In the mornings he dressed dapper. Chino slacks and a pressed long sleeved shirt with a bow tie. He manicured his 5’7” self and waxed his thin old fashioned moustache. He knew people would watch him.He cooked a boiled egg and had toast and muesli. Then he went out and collected his Trafficville Herald from his top step.
He wandered down his tidy short drive to the street and turned left. He felt the eyes on him. He walked and left the eyes of Merrie Yngland Drive, (and others), then he went into another street, called Tudor Rise and walked into another set of eyes and players (so Mr. Lopez called them). Then he cut down a little walkway called, funnily enough, Little Walk, and that was where the dog lived. No houses fronted this walk – it was just back yards and gardens, and Mr. Lopez had discovered the dog on just his third day in this part of Trafficville.
The dog growled low and cruel and American (in Mr. Lopez’s mind) and flung itself at the fence and bounded and slavered so near the top, so near the top of the fence, just 6 inches and the dog would get him and tear out his Hispanic throat and its sibilant servant’s tongue. Mr. Lopez took off his trousers and stood in his boxer shorts which proudly sported a Mexican flag. And Mr. Lopez showed his contempt for the American lackey dog and flung just one pant’ leg of his Chinos over the fence and the dog growled and wanted to own that trouser leg but Mr. Lopez fought off the Yankee imperialist dog and recovered that leg, torn and slobbered on, its true, but he’d won something back.

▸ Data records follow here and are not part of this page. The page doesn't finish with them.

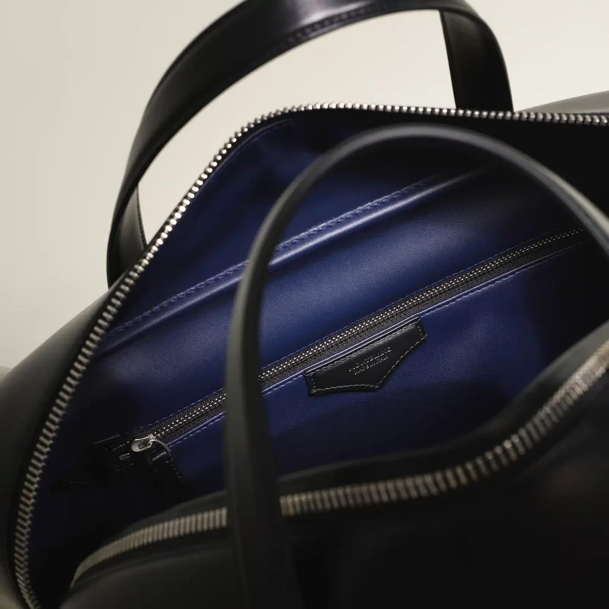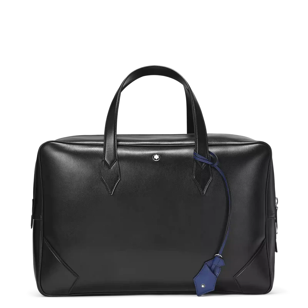 Inspired by the writing culture, the Meisterstück Duffle bag is suitable for short trips and weekends. Crafted from a new deep shine black leather, all its details speak the language of the nib: stitching, zip pullers, handles recall the shape of the nib, the essence of Montblanc. A bigger version of the logo lights up the bag. With a large capacity, it has a secure closure with lock and key.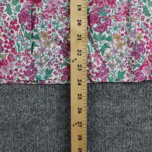 Made with Liberty Fabric, exclusive floral print in pink, purple, green, and yellow tones.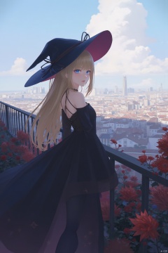 1girl, solo, long hair, hat, blue eyes, dress, witch hat, blonde hair, scenery, outdoors, looking at viewer, cityscape, railing, black dress, flower, looking back, sky, cloud, thighhighs, witch, bangs, bare shoulders, red flower, city, black headwear
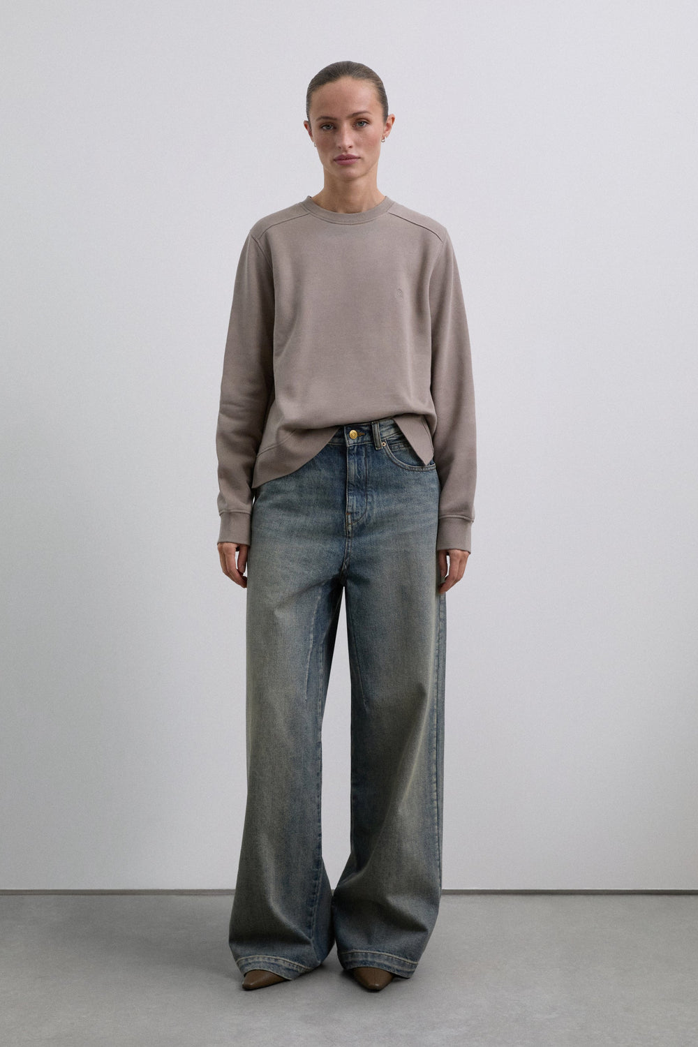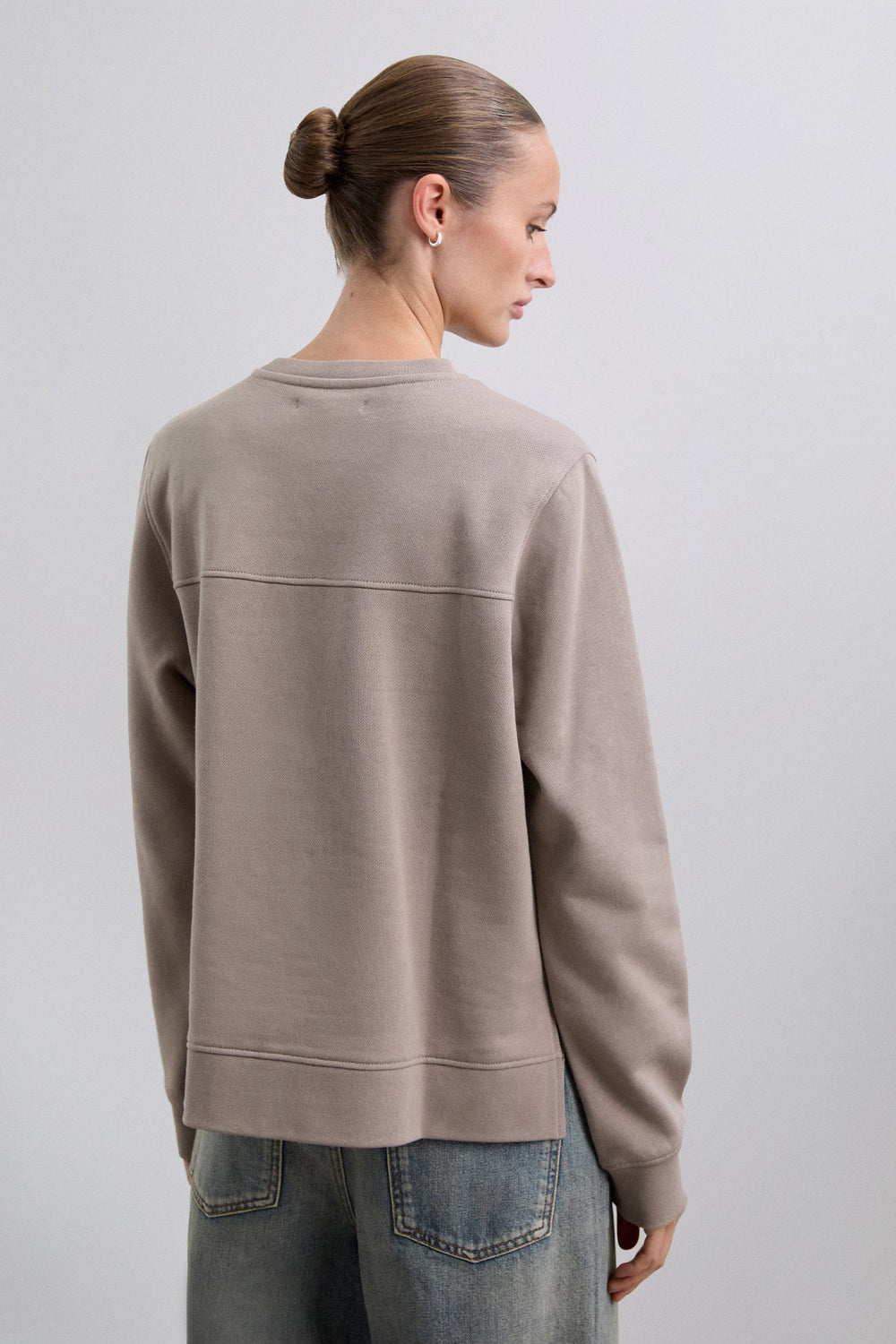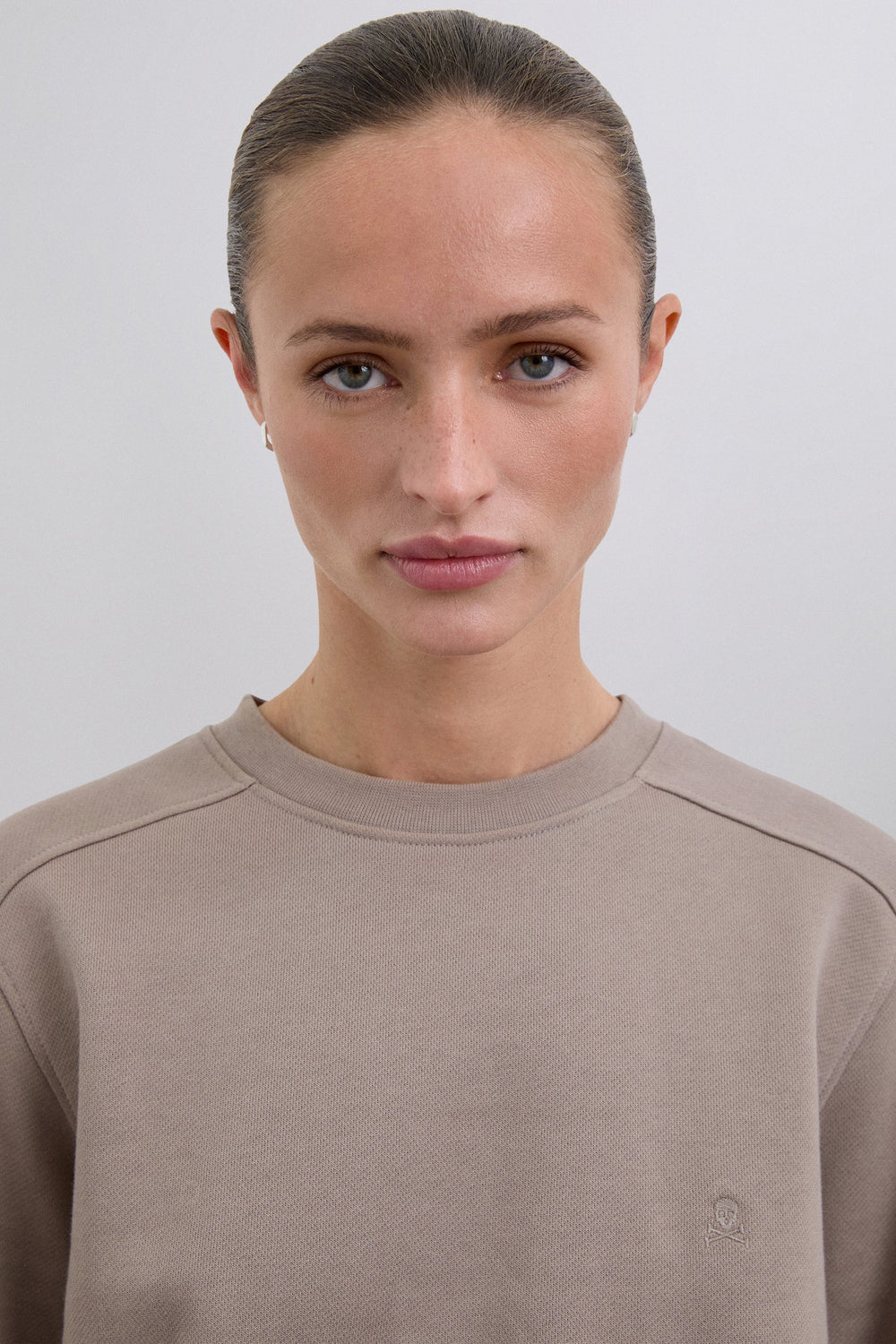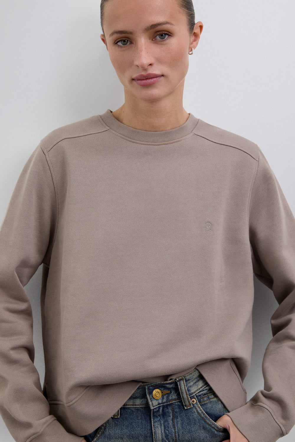 Sweatshirt confecionada em 100% algodão orgânico. Corte regular fit, decote redondo e manga comprida com punhos terminados em nervuras. Bainha assimétrica, parte traseira alongada. Pormenor de skull bordada no peito.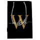 Modern Black Gold Monogram Initial Stylish Script Medium Gift Bag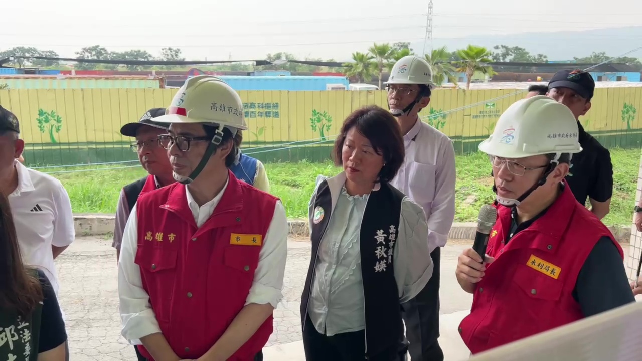 陳其邁首先前往三民區,由議長康裕成、副議長曾俊傑,市議員黃香菽、鄭孟洳、何權峰等人陪同,視察本和里滯洪池及棋琴12重奏大樓。他指示抽水站和滯洪池的操作人員務必堅守崗位,確保防汛設備正常運作。同時,由於棋琴12重奏大樓的地下室入口坡道施工尚未完成防水閘門的安裝,陳其邁立即指示區長與里長協助該大樓加強防颱措施,避免地下室再次淹水。在視察過程中,高雄市水利局也報告了三民區金獅湖出流閘門的改善計畫,通過提升閘門高度和改進操作方式,預計將金獅湖的滯洪量從原有的11.97萬噸提升至22萬噸,增加約10萬噸滯洪能力。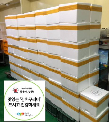 부천시 동 복지협의체에서 지난 12일 관내 코로나19 피해를 입은 위기가구에 캔 김치 6종 세트로 구성된 김치 꾸러미 총 100박스를 전달했다.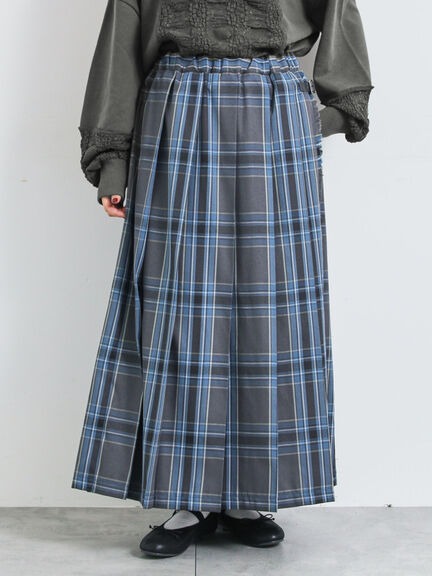 學院風格紋側皮帶造型百褶長裙(0F001311510) - Samansa Mos2
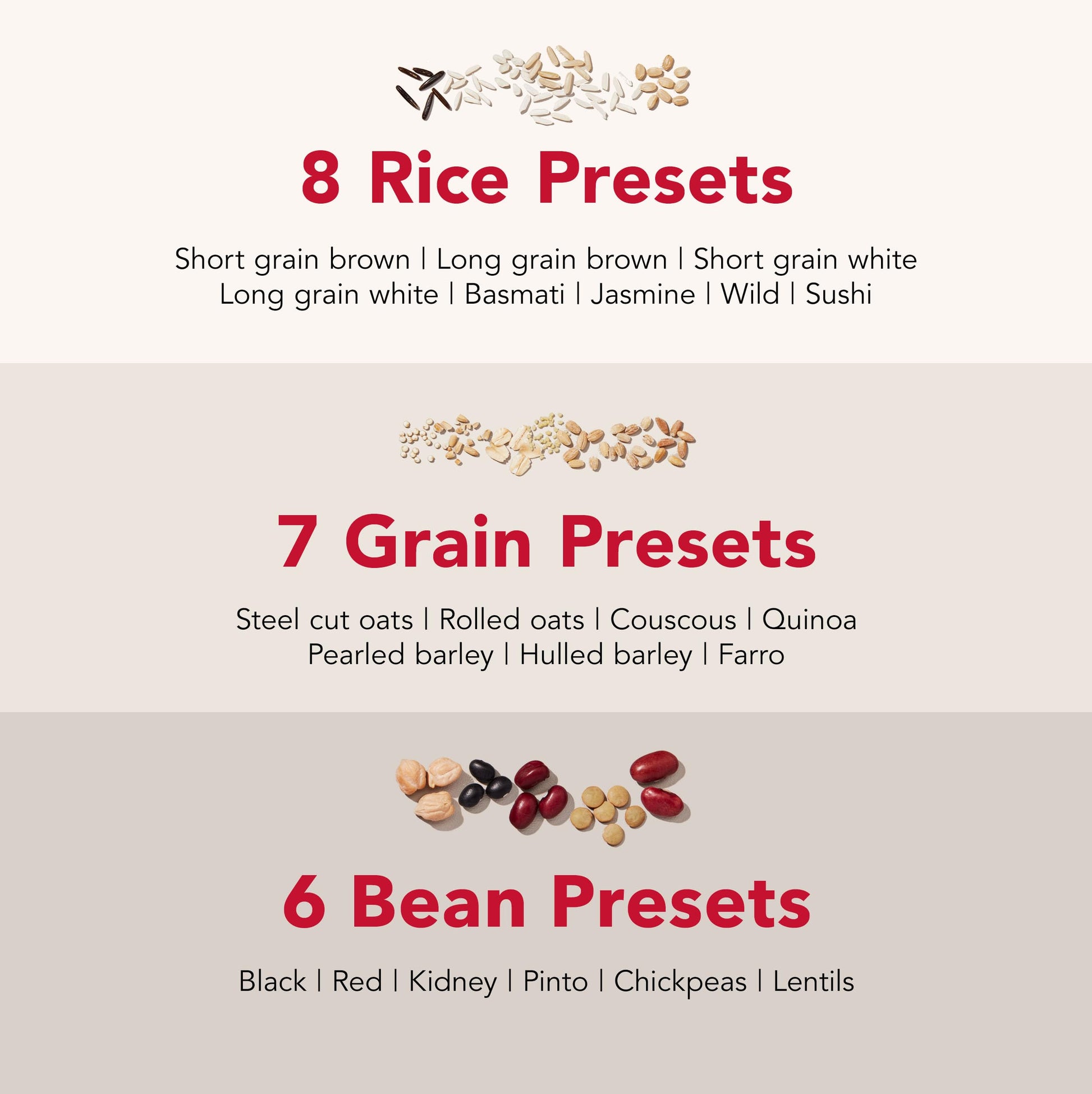 • Explore a whole new world of whole grains with 21 preset options for rice, beans, oats, couscous, quinoa, barley, farro and more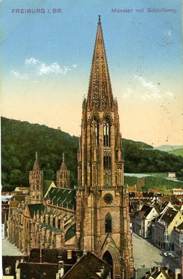Feldpostkarte "Münster mit Schlossberg" aus Freiburg 1915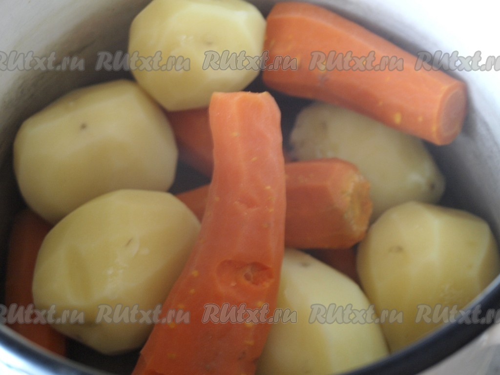 Картошку и морковь чистим, а потом отвариваем в подсоленной воде минут 15. Овощи вынимаем из воды и даём им немного остыть.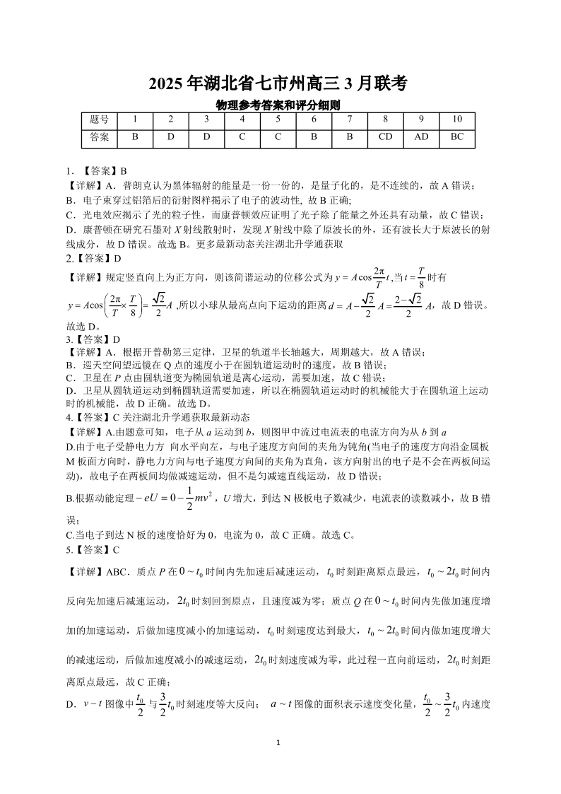 湖北省七市州2024-2025学年下学期3月高三联合统一调研测试物理答案
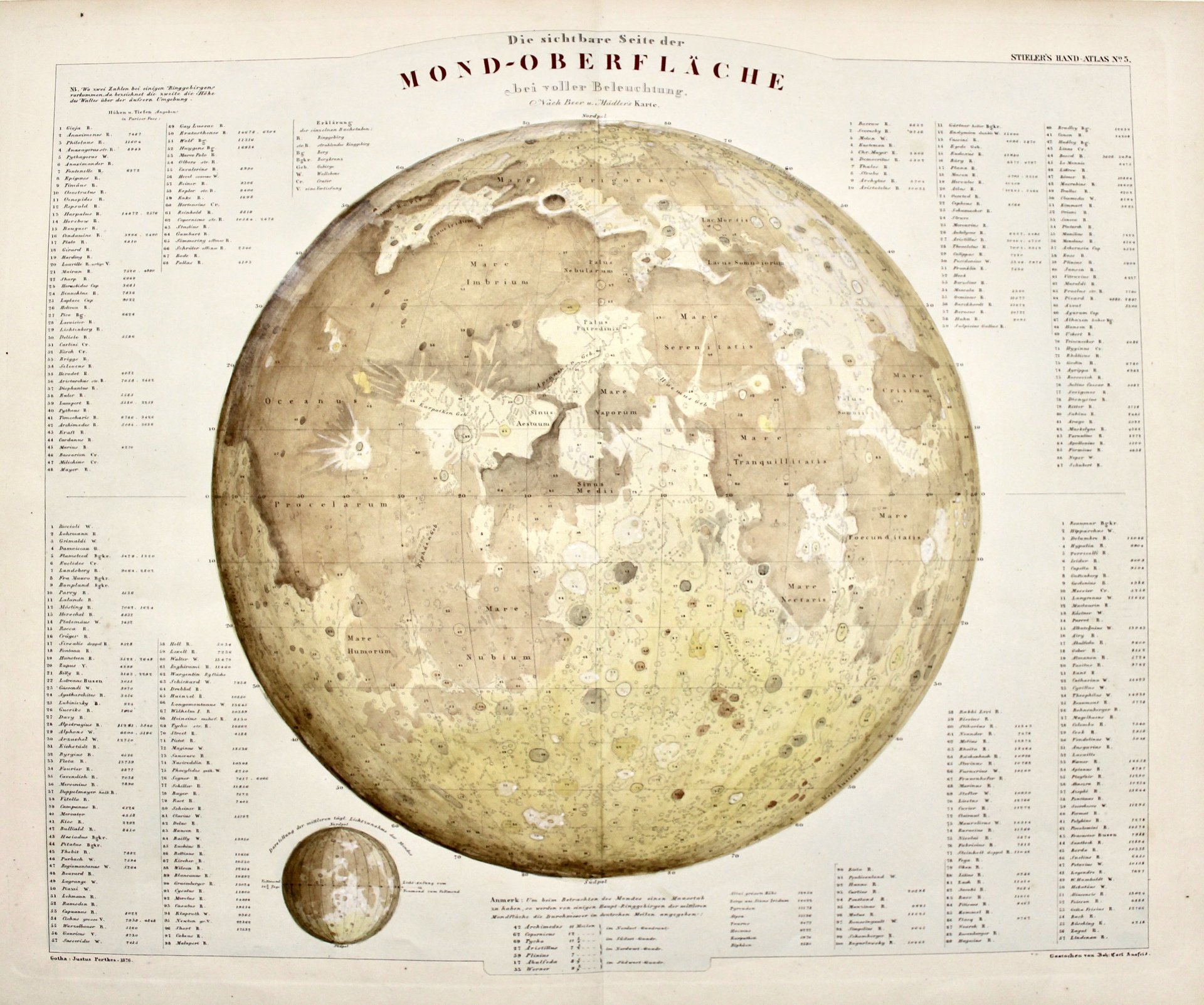 Incisione di Johann Carl Ausfeld, mm 350x430, colore d’epoca a stampa con finitura posteriore a mano. Tratta da Hand-Atlas. Bella carta che evidenzia il suolo lunare. Perfettamente conservata.

He hooted with glee and put back on his injured pants. He though he would give all the eyes that had followed him, all those times, a sad story (but wouldn’t they secretly gloat) about the poor dumb peon who always seemed to run into a mean ol’ dog…
Down Little Walk a ways was a copse of dense bushes and trees, oaks and birch, perfectly rounded, thick with spring growth. That very first day Mr. Lopez, who liked a siesta, simply camped and slept about 5 hours in that cooly, cooly spot. Then he limped home, looking to all the world like someone who is eternally dumped on.
But once inside his pretense home he did a little jig and felt good about not only himself but about his new part in the world. And thus, via myopia and the worst of motives, did Mr. Lopez learn to re-love that world. He was become, so time would have it, a child again, re-born.